Short-term supply unlikely to increase significantly
Jan 30, 2023
Short-term supply unlikely to increase significantly Hong Kong
By   Internet
  • City News
  • Housing supply
  • housing projects
  • property demand
Abstract: According to the Housing Bureau, the potential supply of first-hand private residential units in the next three to four years is at an all-time high of 105,000, which may give homebuyers hope that they will be able to "buy a large number of flats".

Experts believe that the actual supply may not increase significantly, especially in the medium to long term after 2025, depending on the progress of the "Northern Metropolitan Area".

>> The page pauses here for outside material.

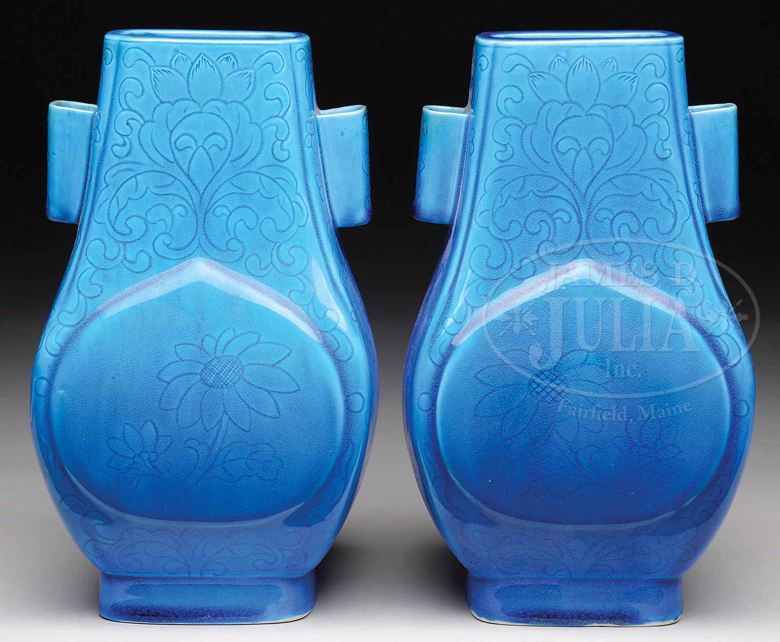 PAIR OF PORCELAIN VASES. Late 19th, early 20th century, China. Engraved decoration of floral scrolling and floral reserves inside peach shaped relief panels. Monochrome turquoise glaze surface. SIZE: 8″ h. CONDITION: Very good. 7-73395 (200-300)

According to Midland Property's Chief Analyst Lau Ka-fai, new property sales in the fourth quarter of last year were only around 850 units, a quarterly low since the First-hand Sales Ordinance in 2013.


On the contrary, the number of "disposed land" units increased significantly in the fourth quarter of last year, driving a rebound in first-hand supply over the next three to four years.


However, it takes time for projects to be completed from disposed land to completion, and it is difficult to complete them overnight.


The number of completions in the next few years can be gauged by the number of units under construction, which hit an 11-year low last year, with a total of 81,000 units under construction in the past five years, or an average of 16,200 units per year.


According to Mr Wong Siu-ki, Director and Head of Greater China Research and Consulting at Knight Frank, the property market performed less well than expected in the fourth quarter of last year, with developers slowing down the pace of new launches and a significant increase in the number of developable units, resulting in a significant increase in overall supply.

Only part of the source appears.